They tend to change our cursive every 10 years, and current one doesn't much differ from print, so I don't feel that nostalgic over kids learning to write different letters than I did. And they still teach kids to read also older print styles, which I do consider important.
However I do feel that spelling and especially grammar are still important. Spell checks don't do it all and in fact can change the message you are trying to convey. Grammar, even more so. And let's not forget that you are totally screwed when learning new languages if you don't know your basic grammar. Every language has different logic and different grammar and if you haven't learned the concepts in your first language, it is almost impossible to understand how it works in foreign languages. Let's face it, I'm lost enough with if I should use imperfect or preterite in Spanish now, I can't even fathom trying to figure that out if I wouldn't have clear understanding, what imperfect is. And I remember when I was changing schools, and language of instruction, just before I had my second year of English in fourth grade. In my first school I was instructed with language that doesn't have future-tense at all so it wasn't taught in grammar either when going through tenses. In that school they would had taught it in fourth grade English. However, the language of instruction at that second school does have future tense and it was taught in grammar classes on third grade and at fourth grade we were expected to understand the concept. Made it quite hard for me to grasp the idea of when I was supposed to use future tense in English, even though I knew how to use it when speaking the instruction language of that second school.

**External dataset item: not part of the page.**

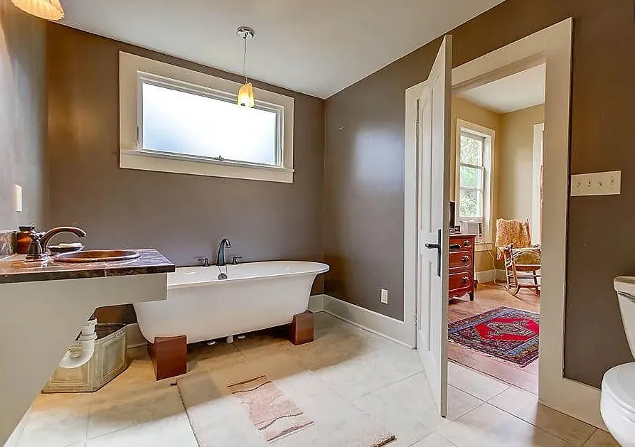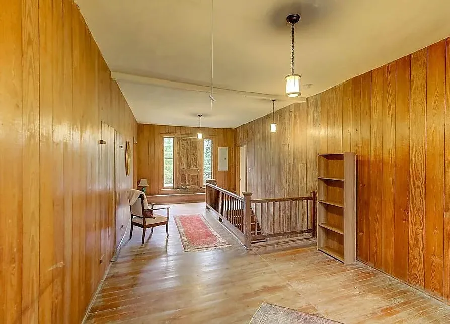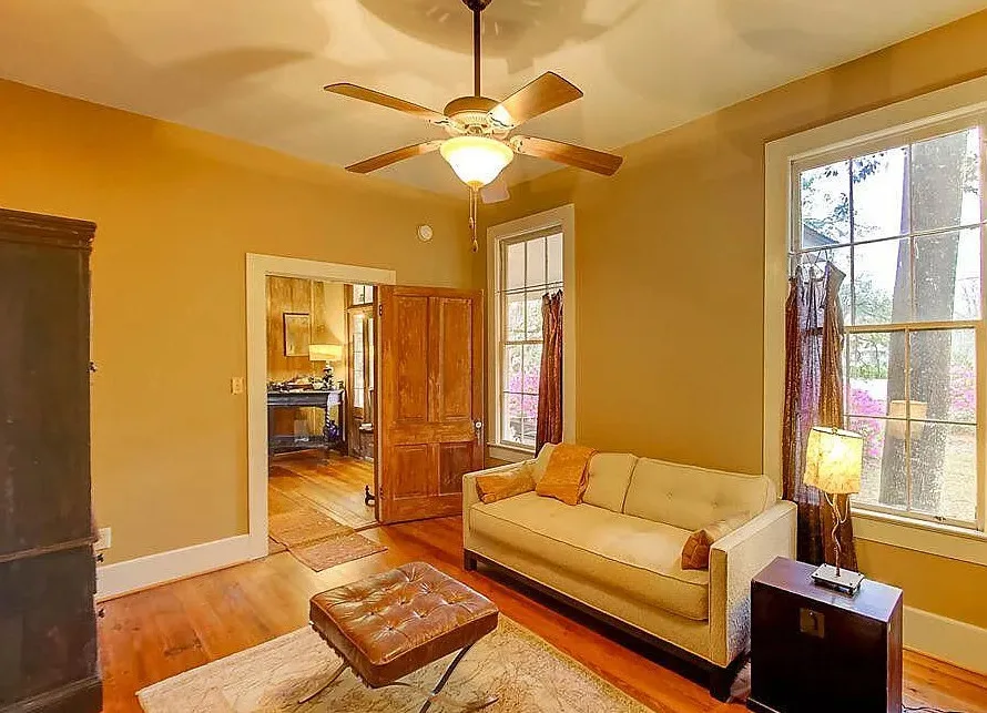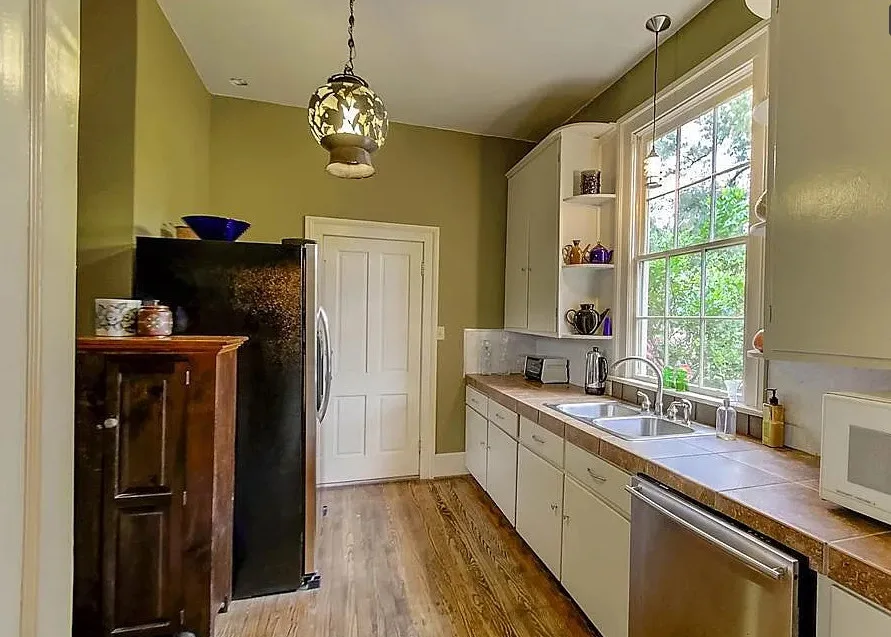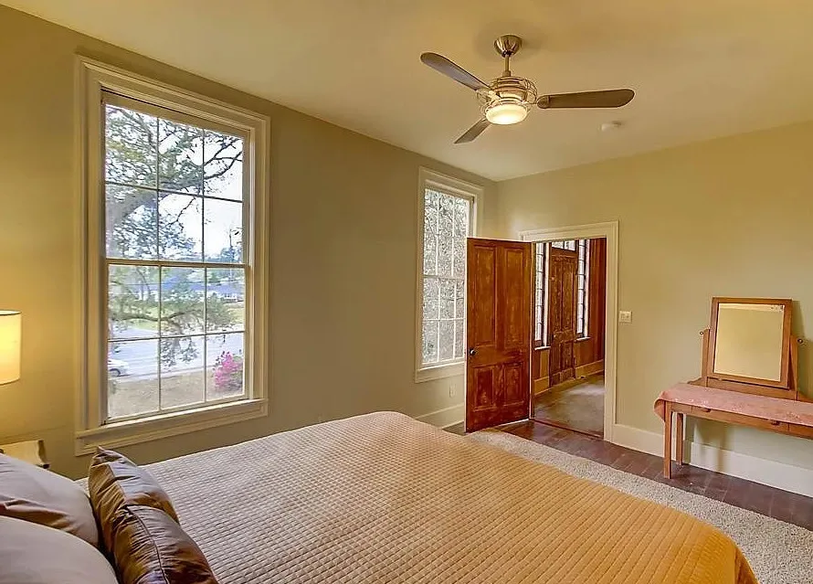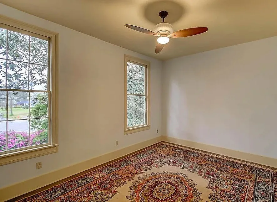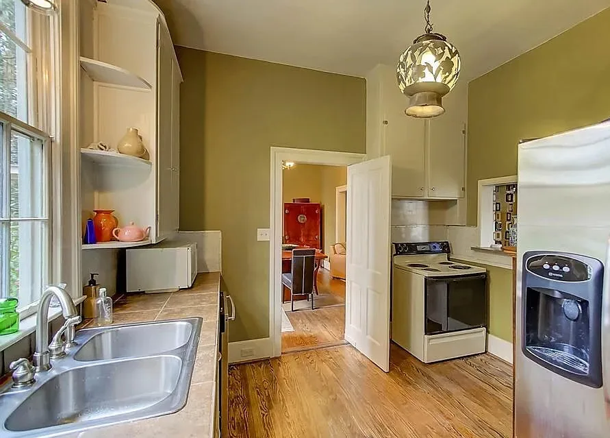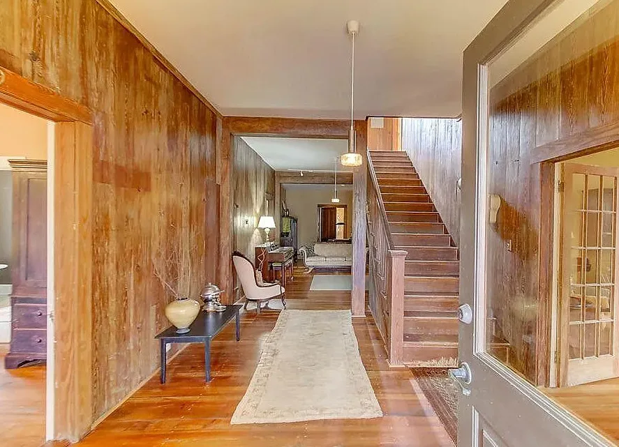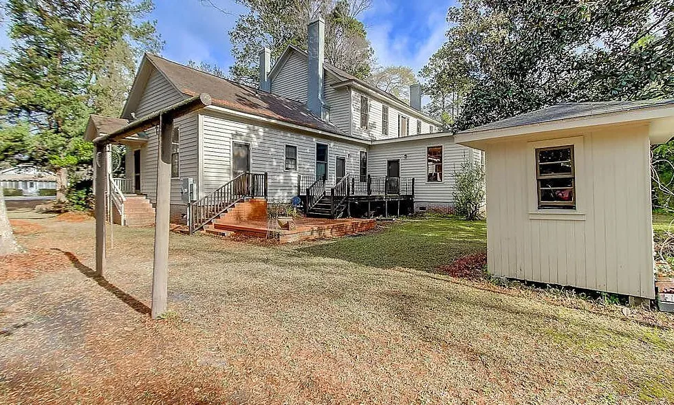 This house has a pretty setting! I love the moss-draped trees on the property! The house was built in 1933. It is located on 1.02 acres in St. George, South Carolina. The house features a covered front porch, a large back patio, back deck, wood floors, baseboards, french doors, vintage light fixtures and a claw foot tub. This is a big house! Seven bedrooms, seven bathrooms and 4,350 square feet. $339,000

I'm also not a fan of using calculators early on in education. Basic math skills are something you need to know without using calculators anyway. And when you get a little bit more advanced, you actually have to learn the concepts to actually understand the math. And you can teach those concepts without calculators to very advanced level if you want to. Sometimes calculators just give you a way around of learning and that is a bad thing. You can't learn higher level math, if you don't understand those very basic level concepts that are taught before University level. And even if you don't want to learn higher level math ever, just relaying to your calculator easily gives people troubles. Often when kids are allowed to use calculators too early and too much, they will miss understanding how you actually do the math and if the answer you are getting is even possible. Then kids may give answers that 10 or 100 or 1000 times wrong and not even wonder how on earth size of this bread they were trying to calculate could be about the same as average apartment building. That may not sound that bad, but do you want that person to be a nurse who tries to calculate how much morphine to put to your IV after a surgery? Or do you want to be that person, who doesn't really understand how to do your percentage math and how doubling the interest rate makes things different when taking a mortgage?